+++ The data
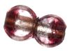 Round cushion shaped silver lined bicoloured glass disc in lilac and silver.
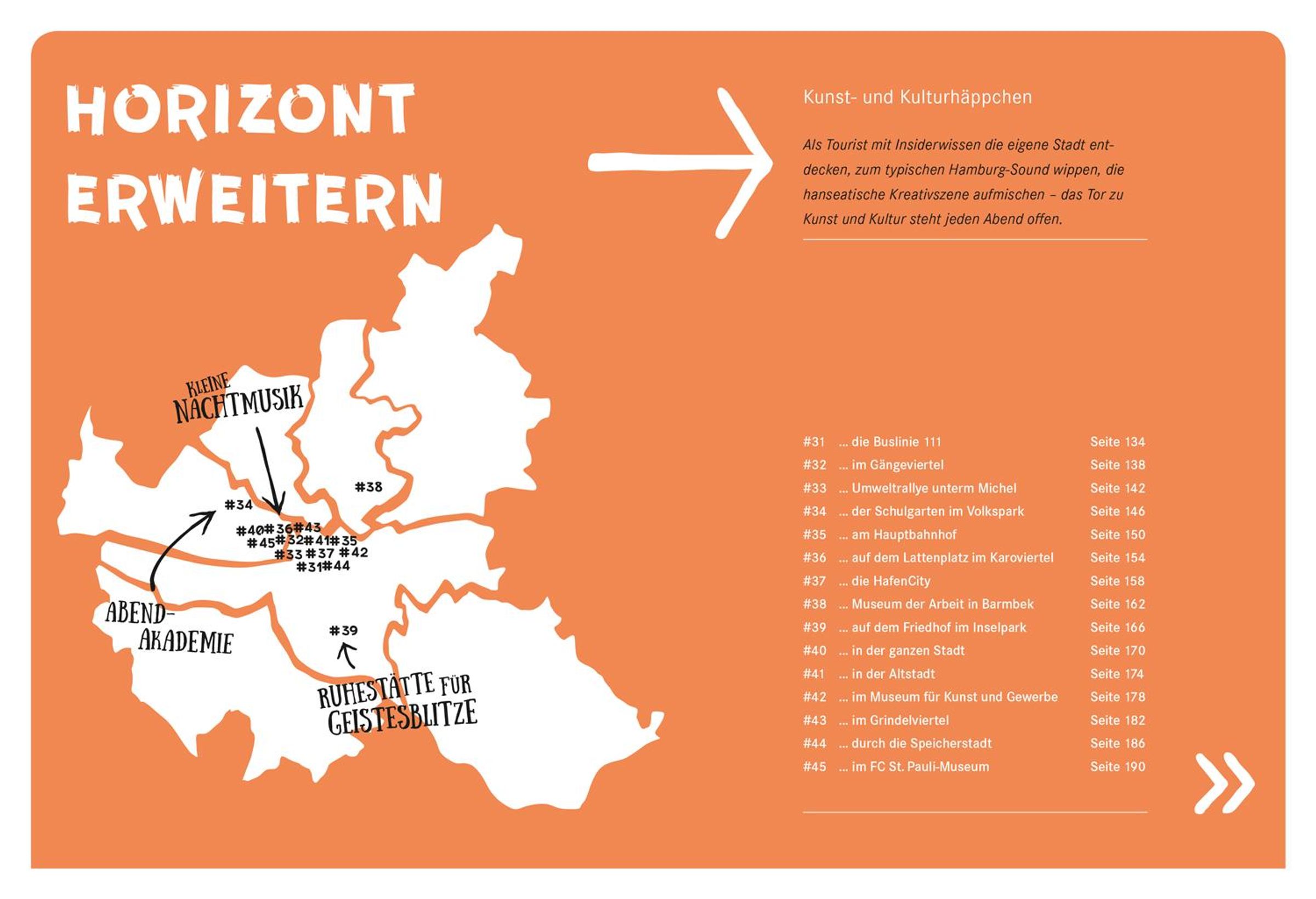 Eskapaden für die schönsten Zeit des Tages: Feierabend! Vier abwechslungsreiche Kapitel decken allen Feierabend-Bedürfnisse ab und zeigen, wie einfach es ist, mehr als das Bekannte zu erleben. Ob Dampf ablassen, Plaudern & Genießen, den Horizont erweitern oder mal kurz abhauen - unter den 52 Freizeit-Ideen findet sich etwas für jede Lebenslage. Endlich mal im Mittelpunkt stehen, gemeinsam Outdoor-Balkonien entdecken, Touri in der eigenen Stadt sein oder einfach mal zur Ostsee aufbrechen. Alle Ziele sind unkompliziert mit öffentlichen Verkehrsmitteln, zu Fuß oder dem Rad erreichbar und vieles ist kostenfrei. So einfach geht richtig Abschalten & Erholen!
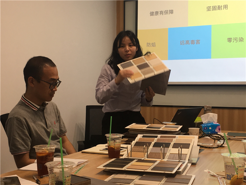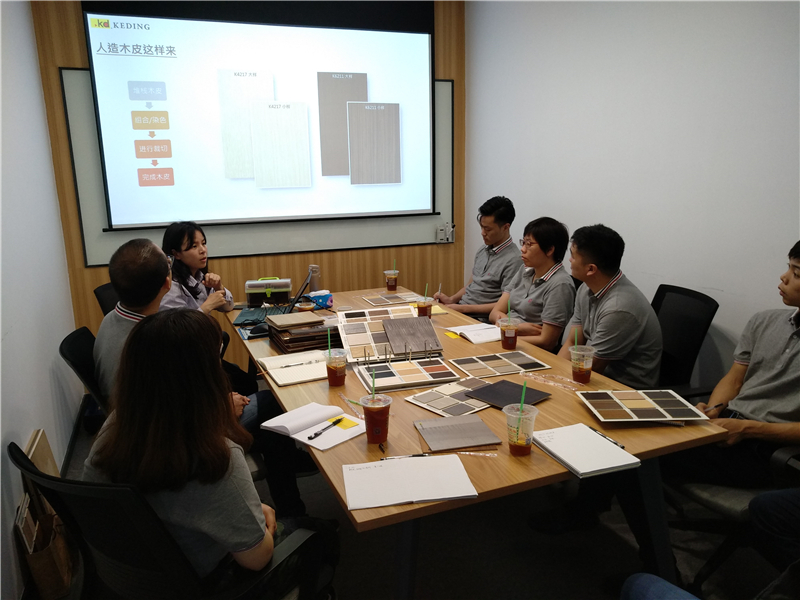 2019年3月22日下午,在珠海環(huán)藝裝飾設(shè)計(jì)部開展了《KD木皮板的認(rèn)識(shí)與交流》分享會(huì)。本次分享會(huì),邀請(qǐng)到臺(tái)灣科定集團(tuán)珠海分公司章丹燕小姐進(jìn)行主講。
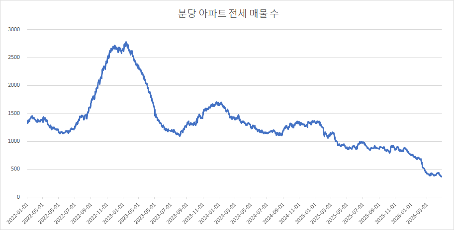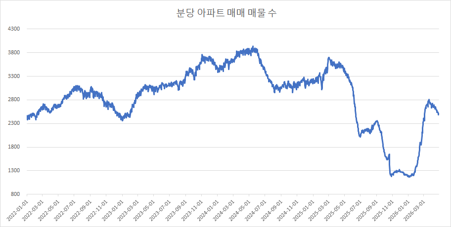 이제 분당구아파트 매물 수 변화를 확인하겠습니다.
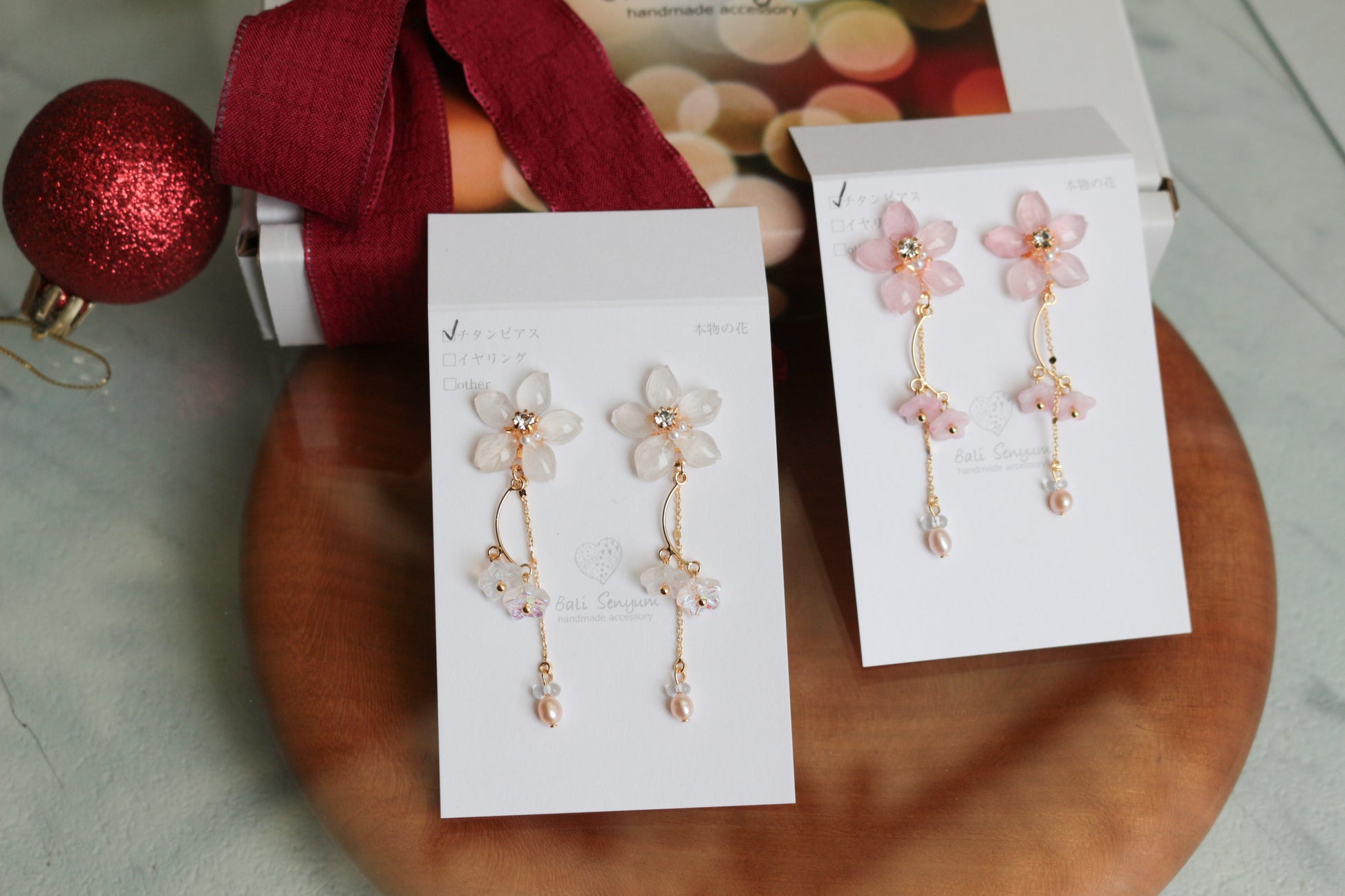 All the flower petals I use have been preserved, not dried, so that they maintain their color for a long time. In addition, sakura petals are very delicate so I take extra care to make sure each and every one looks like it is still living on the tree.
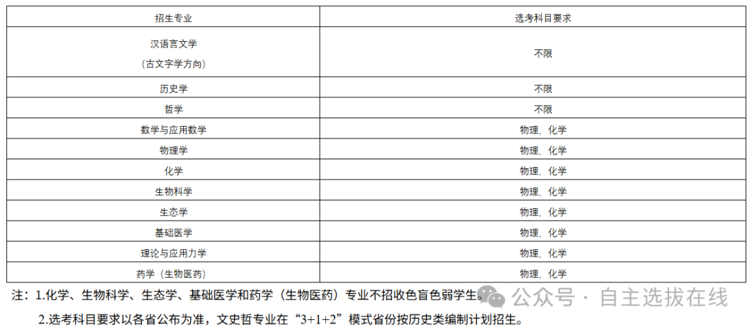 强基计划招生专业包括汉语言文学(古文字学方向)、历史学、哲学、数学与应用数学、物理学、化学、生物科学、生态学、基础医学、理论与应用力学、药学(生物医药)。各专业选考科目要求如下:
++++++
What you are asked to do
Your task is to print exactly the lines from the one containing "이제 분당구아파트 매물 수 변화를 확인하겠습니다." through the final line of the records above, with no pictures and nothing more.

The answer
 이제 분당구아파트 매물 수 변화를 확인하겠습니다.
 All the flower petals I use have been preserved, not dried, so that they maintain their color for a long time. In addition, sakura petals are very delicate so I take extra care to make sure each and every one looks like it is still living on the tree.
 强基计划招生专业包括汉语言文学(古文字学方向)、历史学、哲学、数学与应用数学、物理学、化学、生物科学、生态学、基础医学、理论与应用力学、药学(生物医药)。各专业选考科目要求如下:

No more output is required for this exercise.